ですから、個人で自宅を取得する場合との比較で考えると、明らかに法人の方が有利だといえます。

なお、万一自宅を売却して赤字が生じたときには、自宅を手放して損をしたけどまだローンが残っている場合など一定の要件を満たす場合、個人であってもその損失の一部または全部を他の給与所得等と通算することが可能となりますが、法人であれば、自宅の譲渡損失はなんら制約もなく法人の事業の利益と通算できるのです。

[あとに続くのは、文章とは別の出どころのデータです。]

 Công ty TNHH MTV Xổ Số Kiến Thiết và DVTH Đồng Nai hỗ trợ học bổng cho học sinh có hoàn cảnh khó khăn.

マイホーム譲渡損益の特例と住宅ローン控除は重複適用できるのか

個人で取得する方が良いところ

住宅ローン控除が適用できる

個人が自宅を取得した場合、一定の要件を満たすときにおいて、その取得等に係る住宅ローン等の年末残高の合計額等を基として計算した金額を、居住の用に供した年分以後の各年分の所得税額から控除することができます。

これを「住宅ローン控除」といいますが、ザックリいうと合計所得金額が3,000万円以下の人ならば、最大で50万円まで借入金の年末残高の1%の所得税(+住民税)の控除が10年間可能ということです。

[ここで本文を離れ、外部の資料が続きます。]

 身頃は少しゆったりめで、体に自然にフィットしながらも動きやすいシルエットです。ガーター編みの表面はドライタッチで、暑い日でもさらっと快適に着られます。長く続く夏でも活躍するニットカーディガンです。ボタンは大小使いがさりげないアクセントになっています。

住宅を新築又は新築住宅を取得した場合(住宅借入金等特別控除)|タックスアンサー

儲かったときには3000万円の特別控除、軽減税率も

個人で取得した譲渡し利益が生じていた場合、一定の要件に該当すれば、その譲渡所得から「3,000万円の特別控除」をすることができます。

マイホームを売ったときの特例|タックスアンサー

また、所有期間が10年超の自宅を譲渡した場合の利益については、この「3,000万円特別控除」をした残額が6,000万円までの部分に、通常よりも約6%低い軽減税率が適用されます。

マイホームを売ったときの軽減税率の特例|タックスアンサー

これらの取扱いは、個人のみで法人にはないため、自宅の譲渡益が生じた場合には、個人で取得するほうが有利だといえます。

長期固定金利の利用も

法人で自宅を取得する場合の借入については、設備資金やアパートローンとなります。

一般的には、個人の住宅ローンの方が、返済期間が長かったり、一定期間の金利の優遇がされていることが多いもの。

固定金利が必ずしも得とは限りませんが、「フラット35」のような35年間固定金利という法人ではまず引き出せないような条件の融資の利用も可能であり、資金調達面では個人の方が選択肢が多いといえます。

長期固定金利住宅ローン(フラット35)

税金や資金調達を総合的に勘案

まとめると、一般的には、税制面では法人で取得するほうが有利、資金調達面では個人で取得する方が有利だといえます。

あとは、取得する物件の金額や個人と法人の課税所得の状況に照らして節税効果を実際に算出し、資金調達については個人で調達する場合と法人で調達する場合の比較をした上で、自身のライフスタイルなども考慮し、総合的に勘案してみてください。